Designing a low-cost, low-power multicore ARM-based AV player

Low power system design has become a mandatory requirement not only for hand-held mobile devices but also for automotive infotainment systems. Furthermore, automotive systems need to be able to carry the user experience in the home and office over to the car. This increasing demand for high computation, high quality and low power solutions has forced embedded computing to turn to multicore systems. Consequently, embedded solutions based on multicore platforms have become common for many applications such as gaming, video, and image-processing in areas such as mobile, automotive, medical and industrial applications.

The challenge is to utilize multicore based system with available media frameworks that offer scalability of open source access and portability to achieve requirements for low-power, high-performance embedded applications. With the advent of powerful software and hardware programmable system-on-chip (SoC) FPGA devices, embedded system designers are able to design solutions to an exact form, function and performance fit for the requirements of the customer. These solutions are optimal, efficient, cost-effective addressing end customer requirements. The Xilinx Zynq SoC family of FPGAs is such a device.

This article describes the use of a low-cost, low-density Zynq FPGA in creating a computational platform for implementing infotainment systems for passenger vehicles, such as cars, buses, trains, airplanes and ships. Other applications for this kind of platform include digital signage and information displays in private and public venues such as hotels, hospitals, gas pumps, or kiosks as well as digital picture frames for consumer markets.

Overview
In-vehicle infotainment experiences face a dual requirement of matching the home or office user experience while meeting energy efficient requirement for automotive industry. In our case, the specific requirement was to build very low cost, low power, 720p30fps AV player solution with Video-Audio sync functionality able to interface with the customer’s hardware block implemented on programmable fabric. This objective was to be achieved with development of tightly coupled multicore software with real-time acceleration through hardware with an eye on vastly lower BOM, lower NRE costs, lower design risk and most important, faster time-to-market.

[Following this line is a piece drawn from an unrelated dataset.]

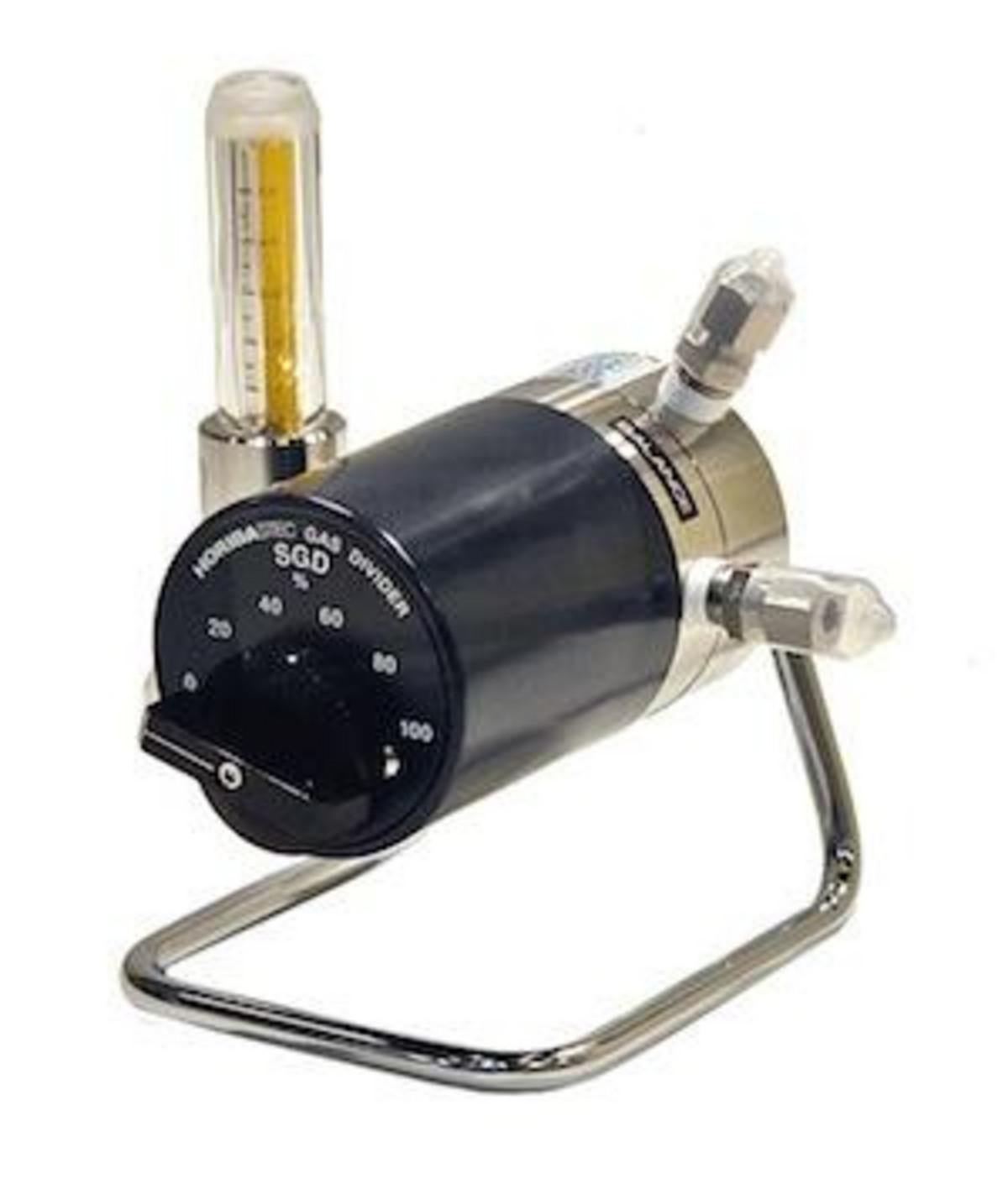 標準ガス分割器(型式SGDシリーズ 以下SGD)はガス分析計を校正するための標準ガスの発生器で、1975年から販売している製品です。主な用途は規制基準の下での大気汚染や自動車排ガスのガス分析です。1981年に制定された環境大気や排ガス用分析計の5等分割校正曲線の作成方法を定義したJIS K0055に適合し、公害対策に貢献しました。分析計のスパンガスとゼロガスを接続し切り替えコックを回すだけの簡単操作と、切り替えブロックに内蔵された定差圧調圧器と5本の毛細管だけで構成されたシンプルな構造が特徴です。初期タイプは標準ガスの消費量が比較的多い機構でしたが、消費量の少ない排気レスタイプの開発に成功し、また米国基準に合致した6分割、8分割、10分割などのシリーズを発売し、現在も生産販売を継続しています。

We proceeded to break down the requirements for the Atria Logic AL-AVPLR-IPC AV player to consist of a file reader, a de-multiplexer, an H.264 Baseline Profile HD decoder with color space converter, and an AAC-LC stereo decoder. Also included is an AV player application with build-in GUI for basic player operation, such as Play, Pause, Stop and Fast-Forward trick mode. OS support is via Ubuntu LTS as it provides multicore usages with very efficient core utilization factor. The AV player application is fully Linux GTK based, while the decoder itself is fully implemented in the Linux GStreamer open source multimedia framework. A block diagram of the player is shown below in Figure 1.

click for larger image

Figure 1: Atria Logic AV Player block diagram (Source: Atria Logic Inc)  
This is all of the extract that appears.